See article on original website

It has been a bit over four months since the latest bailout of Greece was negotiated. This bailout featured a write-down of most privately held debt in exchange for further austerity measures.

It is already clear that Greece will not meet its deficit targets from this bailout, the main reason being that cuts to the budget have led to a much steeper recession than official forecasters had predicted. The Greek government now expects the economy to shrink 7.0 percent over the course of the year. That compares with the decline of 4.7 percent that the IMF projected for Greece back in April.

This was hardly the first-time that the IMF and other official forecasters had badly under-estimated the severity of Greece’s downturn. In April of 2011, the IMF had predicted that Greece’s economy would grow 1.1 percent in 2012, after shrinking just 3.0 percent in 2011. In fact, Greece’s economy shrank by almost 7.0 percent in 2011. And, in April of 2010 the IMF was projecting that Greece’s economy would be on a slow and steady growth path in 2012 after shrinking by just 1.1 percent the prior year.

Clearly things are not panning out as the IMF and the rest of the troika — the European Central Bank and the European Union — had planned. Budget cuts and tax increases in the middle of a downturn are having exactly the effect predicted by the old economics textbooks: they are reducing demand, slowing growth, and raising unemployment. Furthermore, since lower output means less tax revenue and higher unemployment means more payouts for unemployment benefits and other transfers, the austerity imposed on Greece is doing little to even bring down its deficits.

This is why Greece will almost certainly miss its deficit targets for this year. In principle, this is supposed to trigger a cutoff of funds from the European Union.
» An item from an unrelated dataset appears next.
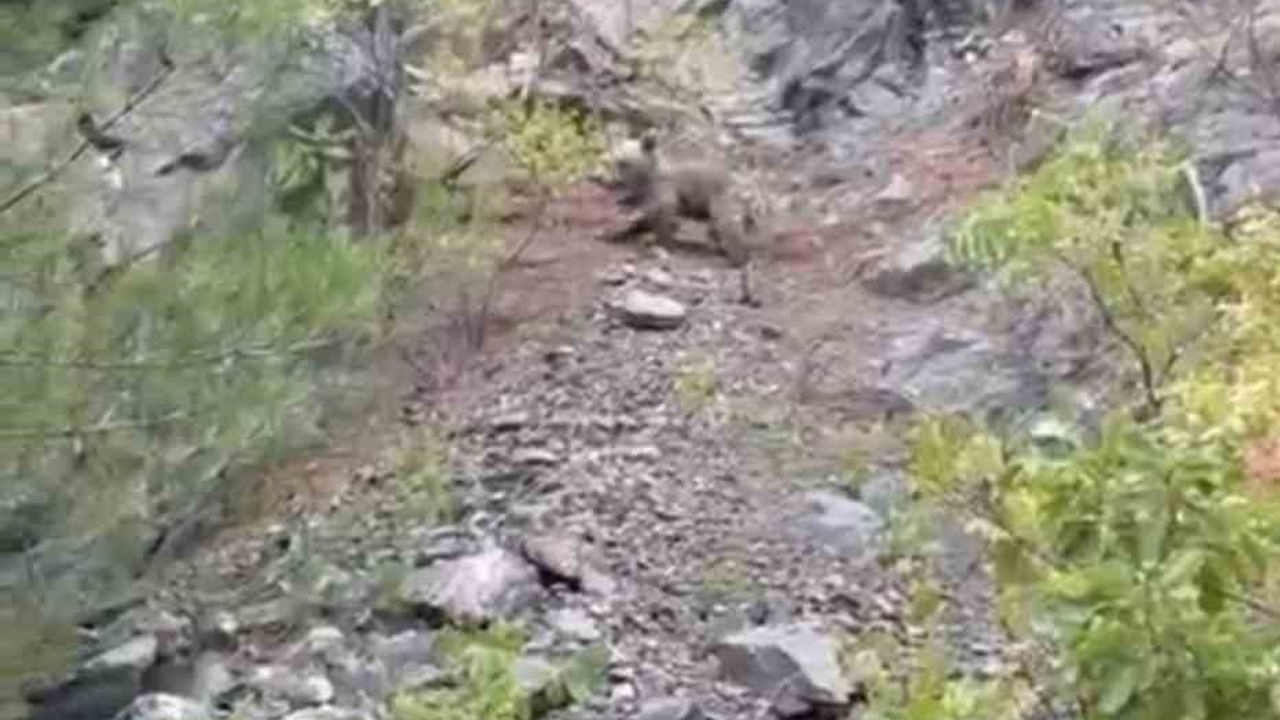 Karabük’te koşan ayı ile dağa tırmanan yavru ayı cep telefonu kameralarıyla görüntülendi.

That would lead to a default by Greece and force Greece to leave the euro and bring back the drachma.

That sounds very scary for Greece. This situation implies a full-fledged financial crisis. Banks will have no money to give their depositors, at least until the government can get the new currency printed up and distributed around the country.

Even in the best of circumstances this would probably take more than a week and quite likely take much longer. Running a modern economy on ad hoc credit and barter for even a week would not be pretty. If the transition to the new currency drags on for 3-4 weeks, the hit on the economy would be far worse. And even after the transition, there will be endless disputes to sort out concerning the rate at which debts and other obligations are transferred from euros to drachmas.
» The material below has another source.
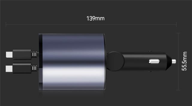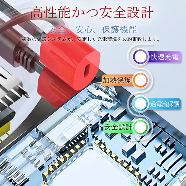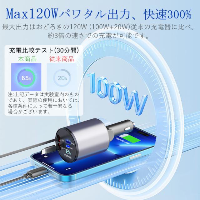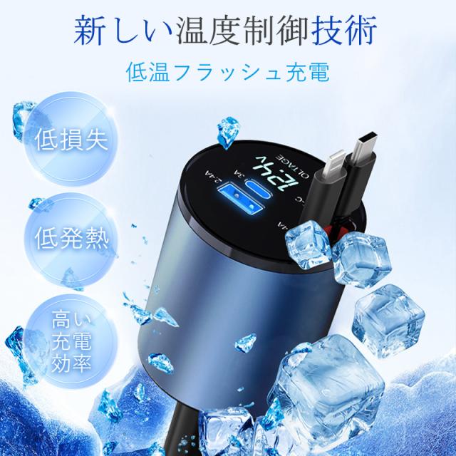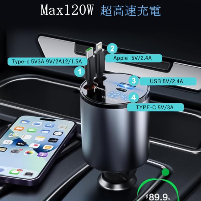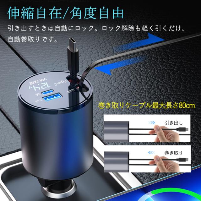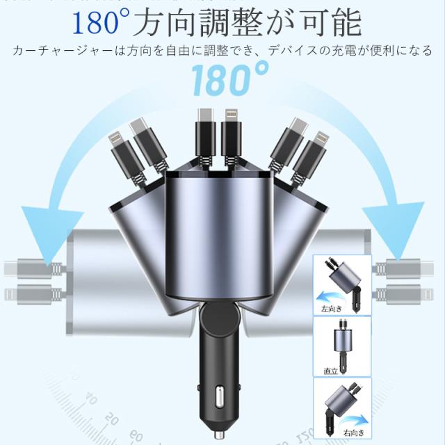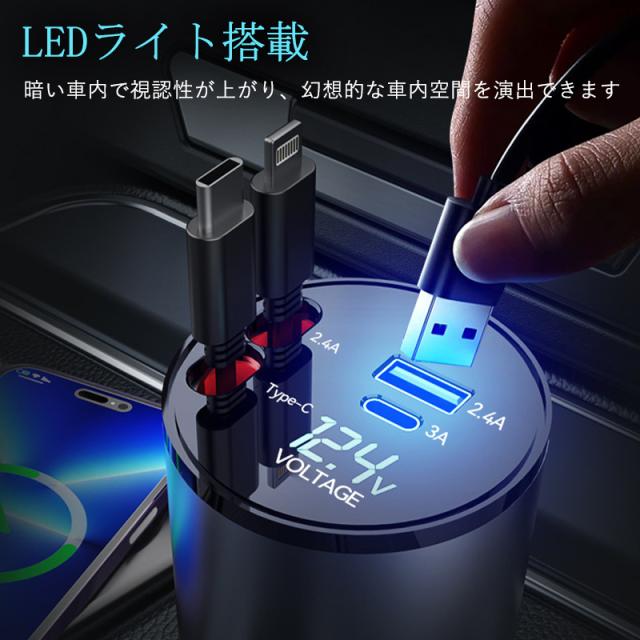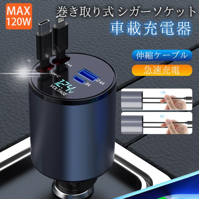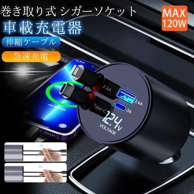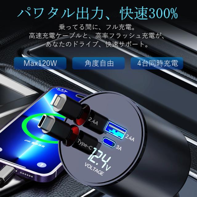 シガーソケット カーチャージャー 巻き取り 充電器 急速充電 4in1 USB Type-C Lightning スマホ充電器 車用充電器

However as bad as this situation sounds for Greece, the troika, propelled by its leading actor Germany, fears this outcome even more. The issue for Germany is that Greece may provide a good example for other heavily indebted countries, most importantly Spain and Italy.
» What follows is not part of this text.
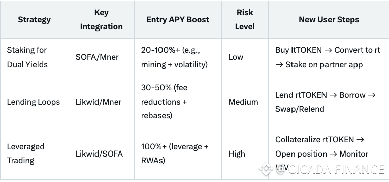 Likwid Integration Strategy: Lend rtTOKENs in isolated markets for permissionless borrowing/lending, earning fees + rebases. Example: Lend rtCIC as collateral, borrow stablecoins, swap to more ltCIC, and loop; amplify yields by 2-5x while rtTOKENs rebase daily. New users: Access via likwid.fi; oracle-free design reduces fees and risks contagion.

The period of transition will cause enormous economic disruption and pain, but once the new currency is in place, Greece’s economy can return to a healthy growth path. In the case of Argentina, another country that defaulted and broke the supposedly unbreakable tie of its currency with the dollar, the transition period was less than six months. It defaulted in December of 2001 and was on a robust growth path by the summer of 2002. It had regained all the ground lost due to the financial crisis by the summer of 2003 and continued to have solid growth until the worldwide economic crisis in 2008.

There are reasons why Greece’s economy can be expected to perform either better or worse than Argentina did a decade ago. We will only know for sure if it actually does go the default route, but even if it took a year to get back on a healthy growth path, Greece is still likely to look quite good to Spain and Italy. Both countries could easily face a decade of recession or stagnation on the troika’s path.

As long as no country takes the euro exit route, politicians can get away with telling their constituents that there is no alternative. They must accept the austerity prescribed by the troika no matter how painful it is. Once Greece leaves the euro, this is no longer a plausible claim. And, if the Greek economy turns around and grows at a healthy pace then the troika’s path is likely to prove unacceptable to the people of Spain and Italy.

This is the situation that Germany must fear. However many times Greece misses its targets, the troika is likely to come back and lower the goal post further. They don’t want anyone in the euro zone to recognize that there is an alternative to permanent austerity and they will make whatever concessions are necessary to ensure that neither Greece or anyone else ever discovers the truth.